(PrivateEquityCentral.net) In a move sure to cheer first-time fund raisers, the California State Teachers’ Retirement System (CalSTRS) announced it is looking for one or two fund of funds managers to invest in a $100m portfolio of private equity “new and next generation” managers.
CalSTRS defines new and next generation managers as existing experienced private equity professionals splitting off from their current partnerships or organisations, young partnerships seeking their second institutional fund and experienced private funds or investors seeking institutional funding for the first time.
According to a statement, the firm selected will construct, manage and liquidate a private equity fund of funds portfolio of new and next generation manager partnership investments. The fund of funds manager will have full discretion over the $100m portfolio.
The portfolio the firm will manage will be diversified over time, geography and private equity sub-asset class to include buyouts, equity expansion and venture capital, according to the announcement. The new and next generation managers selected by the fund-of-funds manager may be drawn from a broad range of settings, such as private equity, insurance companies, pension funds and investment banking.

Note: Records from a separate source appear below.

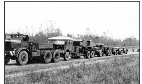
A 25-ton 6 x 6 truck tractor undergoes a field dynamometer test, November 1947.

In October 1946, a 100-ton T28 super-heavy tank armed with a 105-mm gun was unveiled to the public, as well as a fully automated Garand rifle, a 75-mm recoilless rifle fired from the shoulder, and a 75-mm and 105-mm recoilless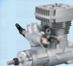
O.S.® SX-H Ringed Hyper Heli Engine (OSMG1951)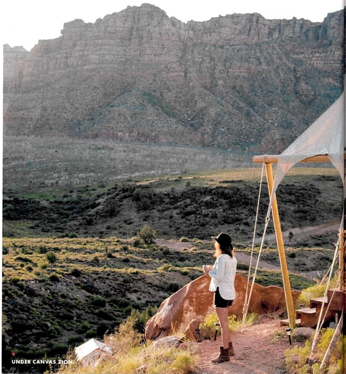
UNDER CANVAS ZION

A 1950s desert hideaway for Hollywood's elite, this Phoenix-area retreat re-opened last year after a long, meticulous reconstruction. Midcentury details laid the groundwork for design, with low-slung chairs, metallic accents, and bar carts worthy of a Mad Men tippie. The massive new wellness center features a stunning gym and moonlight rooftop yoga studio, as well as a pair of 75-foot pools with mountain views to enjoy with your post-workout smoothie. From $159; mountainshadows.com.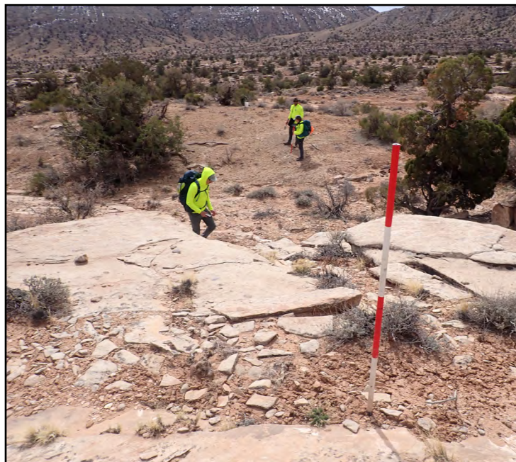
V&V work on the Navajo Nation, November 2022.

DRUM field teams consist of five people traveling in multiple vehicles with U.S. government-issued license plates. Fieldwork activity details are below.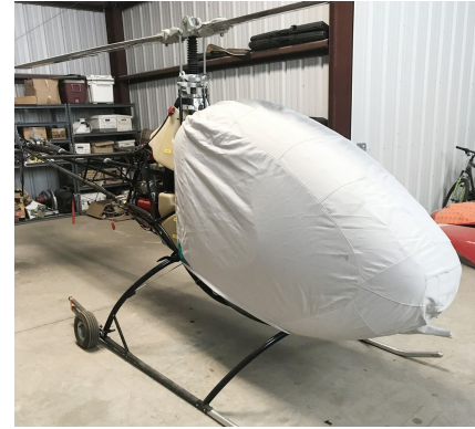
Helicycle Bubble Cover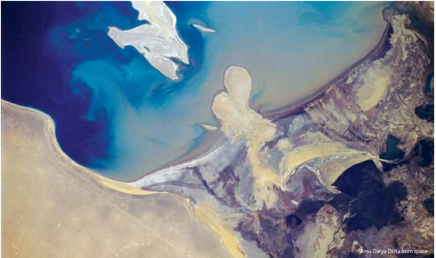
Amu Darya Delta from space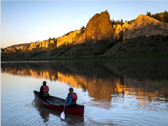
Upper Missouri River, Montana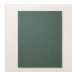
Evening Evergreen 8-1/2" X 11" Cardstock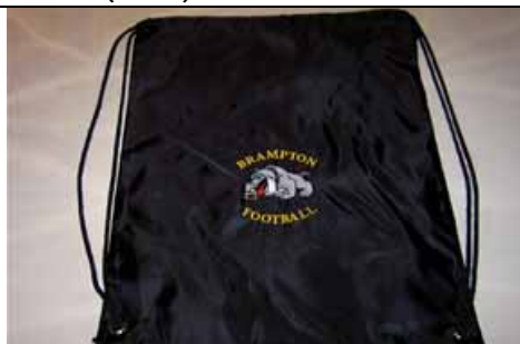
Drawstring Knapsack $15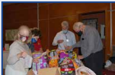
Making Halloween for Bracken Kids.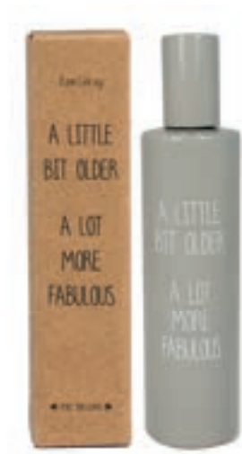
SKU: RS.SND.FD.LITTLE Scent: Fig Deluxe Content: 100 ml Quantity: 4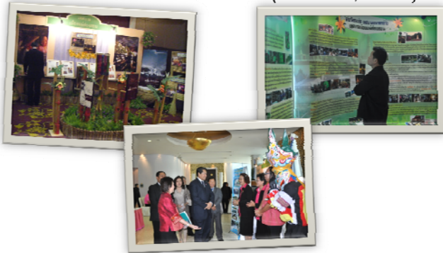
Exhibitions from the winners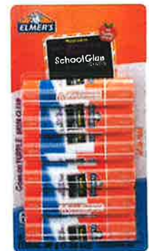
16 Elmer's brand glue sticks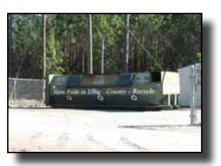
Long County Recycling Drop-off Facility

The County and City do not have a greenspace plan. Long County and the City of Ludowici recently adopted a Land Development Code and Zoning Map. While the City of Ludowici provides community water and sewer services, none are available in unincorporated areas of the County at this time, requiring lots to be sized to accommodate separate wells and/or septic systems. The Griffin Ridge Wildlife Management Area is located southwest of Ludowici along the Altamaha River. The State has acquired additional lands along the Altamaha River and is currently drafting a management strategy.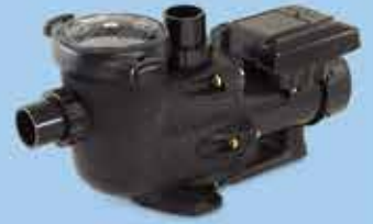
Also available in model that connects directly with Hayward® controls (SP3202VSPND).

The intuitive control interface rotates to four positions on the pump, so it's always easy to read and operate.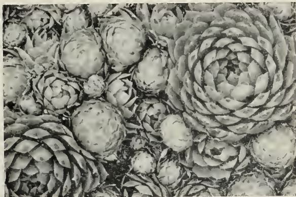
GLOBE HENS AND CHICKENS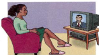
11. watch TV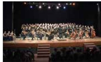
Full house, full stage at Teatro Nacional in Havana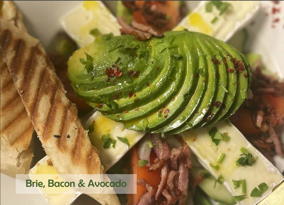
Brie, Bacon & Avocado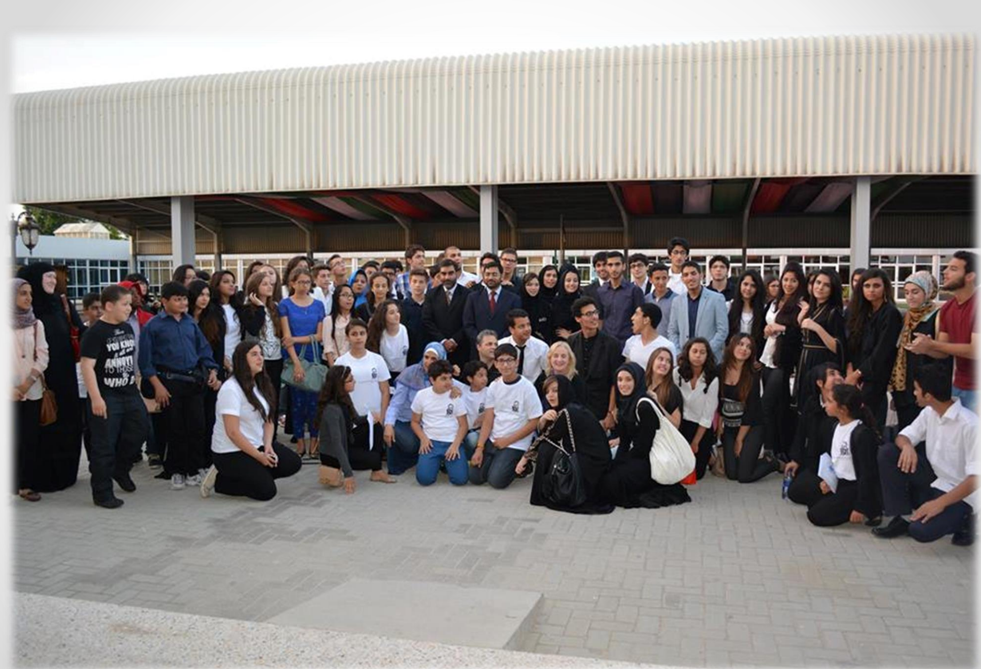
NDI Mass Mentoring Sessions (2014-21)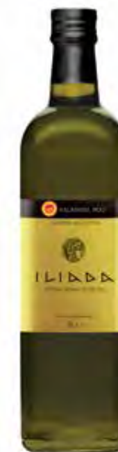
KALAMATA PDO Net Content: 1L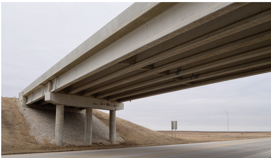
Abutment where UHPC pile was installed in Sac County, Iowa

UHPC is a cement matrix often used with steel fibers, and it has several advantages over other materials often included in bridge foundations. These advantages include strength, ductility, durability, and aesthetic design flexibility, which are achieved by eliminating the characteristic weaknesses of normal concrete.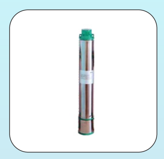
175 MM Borewell Submersible Pumpset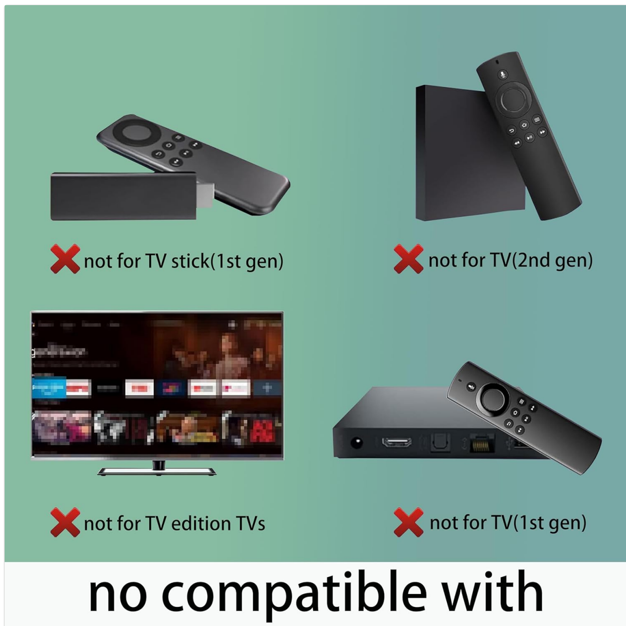
Figure 6.2: Visual guide to incompatible Smart TV devices.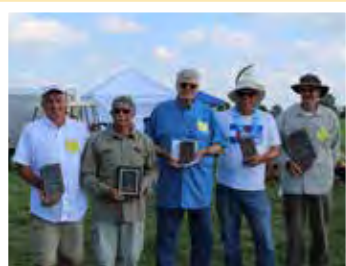
Open P-30 winners.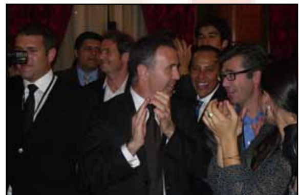
Representatives of G20 Summit across various countries receiving the Indian delegation with a loud applause.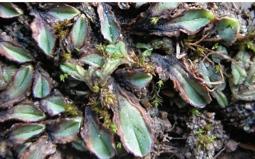
◁ Fig. 6: Riccia sommierii from Lesvos. T. Blockeel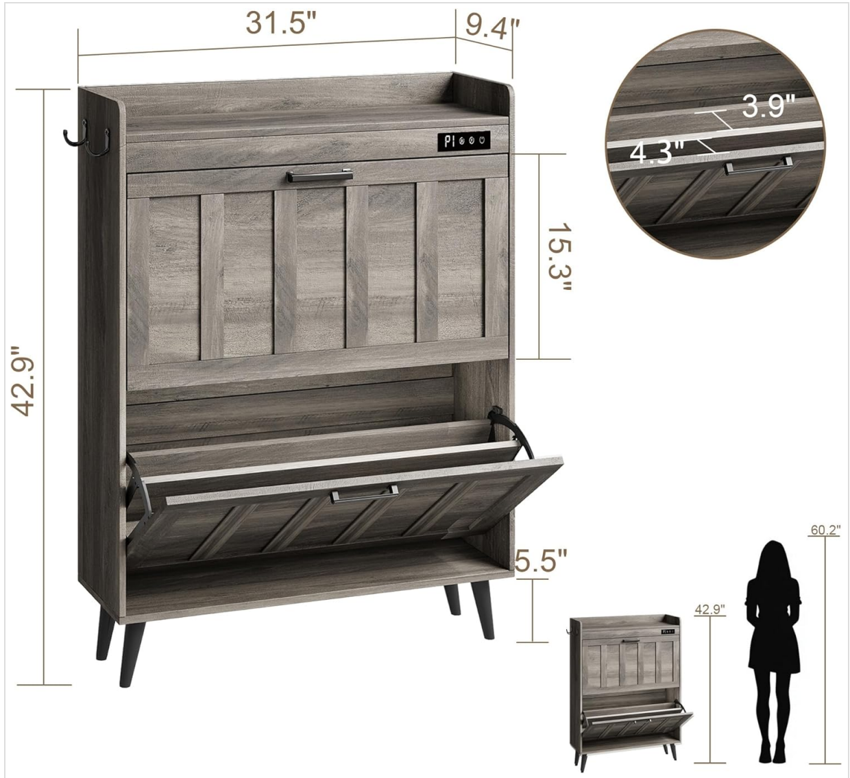
Image: Product dimensions of the ChooChoo Shoe Storage Cabinet, including height, width, and depth.

Video: A comprehensive guide to the Shoe Storage Cabinet Installation, demonstrating the assembly process.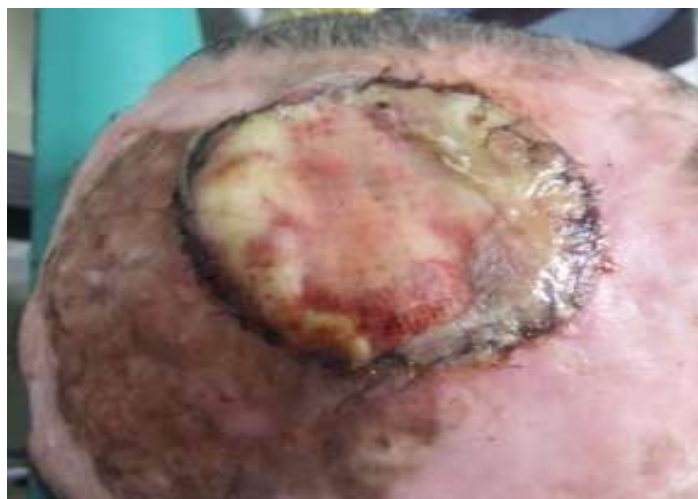
Figure 4: Post operative images after tumor reduction and skin graft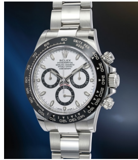
2 Rolex A highly desirable and sporty st... Estimate 15,000 — 25,000 CHF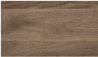
SALT OAK (19)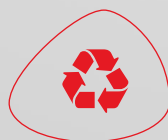
100% Recycled Material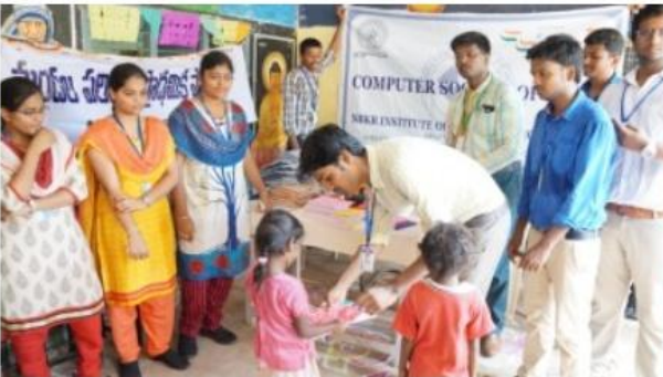
CSI Student Volunteers Distributing the Note Books

Final filing date for investment offerings is July 7. A copy of the Private Equity Investment Search document is available in the Investments section of the CalSTRS Web site, www.calstrs.ca.gov.
CalSTRS, which administers retirement, disability and survivor benefits for California's public school educators in grades kindergarten through community college, serving more than 715,000 members and benefit recipients, is the third largest public pension fund in the U.S.
CalSTRS selected Cambridge Associates as its advisor for its domestic alternative investment program in February, and London-based Altius Associates as its advisor for its international alternative investment allocation program in July last year. The alternative investment allocation of 5.2 per cent of assets is currently valued at $4.6bn with committed values of $8.7bn. The portfolio has generated a 16.2 per cent compounded annual rate of return since its inception in 1988.
The current alternative investment asset allocation – 6 per cent within a portfolio of $95bn – is projected to grow to $11bn by 2006, with the domestic portion expected to reach $9.3bn.